Successfully checked uninstallation.
Stopping the cluster.
Successfully stopped local node.
Successfully deleted instances.
Uninstalling application.
Successfully uninstalled application.
Uninstallation succeeded.
[omm@node3 data]$ pwd
/apps/data/data
[omm@node3 data]$ ls
[omm@node3 data]$ 

删除ssh互信

--root、omm用户
[omm@node3 ~]$ mv .ssh .sshbak
[omm@node3 ~]$ su - root
Password: 
Last login: Thu Mar 20 15:09:45 CST 2024 from 192.168.100.1 on pts/0
[root@node3 ~]# mv .ssh .sshbak

清理备节点软件

[root@node1 script]# scp gs_postuninstall root@node3:/opt/software/panweidb/script/
root@node3’s password:
gs_postuninstall

–登录到node3
[root@node3 script]# pwd
/opt/software/panweidb/script
[root@node3 script]# ./gs_postuninstall -U omm -X /opt/software/panweidb/cluster_config.xml --delete-user --delete-group -L
Parsing the configuration file.
Successfully parsed the configuration file.
Check log file path.
Successfully checked log file path.
Checking unpreinstallation.
Successfully checked unpreinstallation.
Deleting the instance’s directory.
Successfully deleted the instance’s directory.
Deleting the temporary directory.
Successfully deleted the temporary directory.
Deleting software packages and environmental variables of the local node.
Successfully deleted software packages and environmental variables of the local nodes.
Deleting local OS user.
Successfully deleted local OS user.
Deleting local node’s logs.
Successfully deleted local node’s logs.
Successfully cleaned environment.

清理备节点目录

根据cluster_config.xml文件,清理备库相应目录

四、节点的扩容

扩容工具 gs_expansion:

  1. 支持从单机或者一主多备最多扩容至一主八备。
  2. 支持新增级联备机。
  3. 支持在集群中存在故障备机的情况下新增备节点。

扩容须知:

  1. 数据库主机上存在 PanWeiDB 镜像包。
  2. 在新增的扩容备机上创建好与主机上相同的用户和用户组。
  3. 已存在的数据库节点和新增的扩容节点之间需要建立好 root 用户互信以及数据库管理用户的互信。
  4. 正确配置 XML 文件,在已安装数据库配置文件的基础上,添加需要扩容的备机信息。
  5. 只能使用 root 用户执行扩容命令。
  6. 不允许同时在主节点上执行 gs_dropnode 命令删除其他备机。
  7. 执行扩容命令前需要导入主机数据库的环境变量。
  8. 扩容备机的操作系统与主机保持一致。
  9. 操作过程中不允许同时在其他备节点上执行主备倒换或者故障倒换的操作。

扩容备节点

[omm@node1 panweidb]$ gs_expansion -U omm -G dbgrp -h 192.168.100.14 -X ./clusterconfig.xml
[GAUSS-50104] : Only a user with the root permission can run this script.
[root@node1 script]# ./gs_expansion -U omm -G dbgrp -h 192.168.100.14 -X /opt/software/panweidb/cluster_config.xml 
[GAUSS-51802] : Failed to obtain the environment variable "GAUSSHOME", please import environment variable.
[root@node1 script]# ./gs_expansion -U omm -G dbgrp -h 192.168.10.14 -X /opt/software/panweidb/cluster_config.xml 
[GAUSS-51802] : Failed to obtain the environment variable "PGHOST", please import environment variable.

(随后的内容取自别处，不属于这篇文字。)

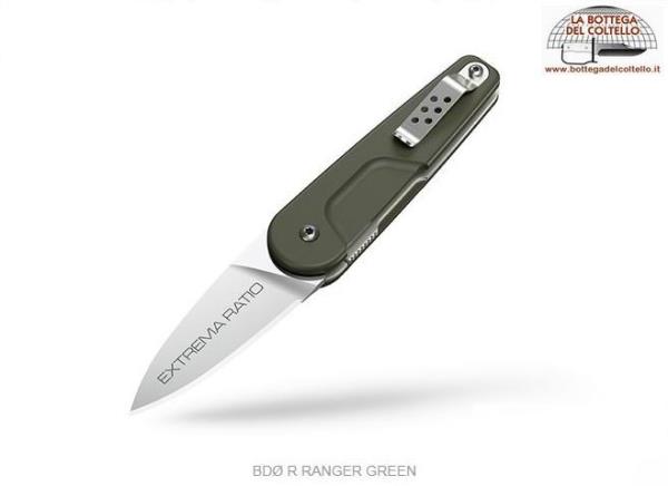 ExtremaRatio BD0R Ranger green è un piccolo coltello two-inch nail, con meccanismo di chiusura liner lock, prodotto dall'azienda toscana Extrema Ratio nelle versioni black, desert, Hcs, Ranger Green e Wolf Grey.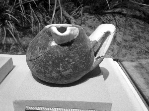 高淳博物館的二樓是一個(gè)“通史”展,從6300年前薛城聚落開始說起。彩陶罐、黑斑玉鐲、黑陶杯、螺螄、貝殼……這些“寶貝”都是從高淳薛城遺址出土的,它們已經(jīng)有6300歲了。這些陶器,造型優(yōu)美,尤其是黑陶杯,造型堪稱時(shí)尚,杯口還特意設(shè)置了喝水的凹槽。

说明:扩容需要用root用户执行操作,同时需要设置GAUSSHOME、PGHOST环境变量

export GAUSSHOME=/apps/app
export PGHOST=/apps/tmp
[root@node1 tool]# ./script/gs_expansion -U omm -G dbgrp -h 192.168.100.14 -X /opt/software/panweidb/cluster_config.xml 
Start expansion with cluster manager component.
Start to send soft to each standby nodes.
End to send soft to each standby nodes.
Success to send XML to new nodes
Start to perform perinstall on nodes: ['node3']
Preinstall command is: /apps/tool/script/gs_preinstall -U omm -G dbgrp -X /opt/software/panweidb/cluster_config.xml -L  --non-interactive 2>&1
Success to perform perinstall on nodes ['node3']
Success to change user to [omm]
Installing applications on all new nodes.
Install on new node output: [SUCCESS] node3:
Using omm:dbgrp to install database.
Using installation program path : /apps/app
Command for creating symbolic link: ln -snf /apps/app_9a7e96bc /apps/app.
Decompressing bin file.
Decompress CM package command: export LD_LIBRARY_PATH=$GPHOME/script/gspylib/clib:$LD_LIBRARY_PATH && tar -zxf "/apps/tool/PanWeiDB-1.0.0-CentOS-64bit-cm.tar.gz" -C "/apps/app"
Decompress CM package successfully.
Successfully decompressed bin file.
Modifying Alarm configuration.
Modifying user's environmental variable $GAUSS_ENV.
Successfully modified user's environmental variable $GAUSS_ENV.
Fixing file permission.
Set Cgroup config file to appPath.
Successfully Set Cgroup.

Successfully installed APP on nodes ['node3'].
success to send all CA file.
Success to change user to [omm]
Success to init instance on nodes ['node3']
Start to generate and send cluster static file.
End to generate and send cluster static file.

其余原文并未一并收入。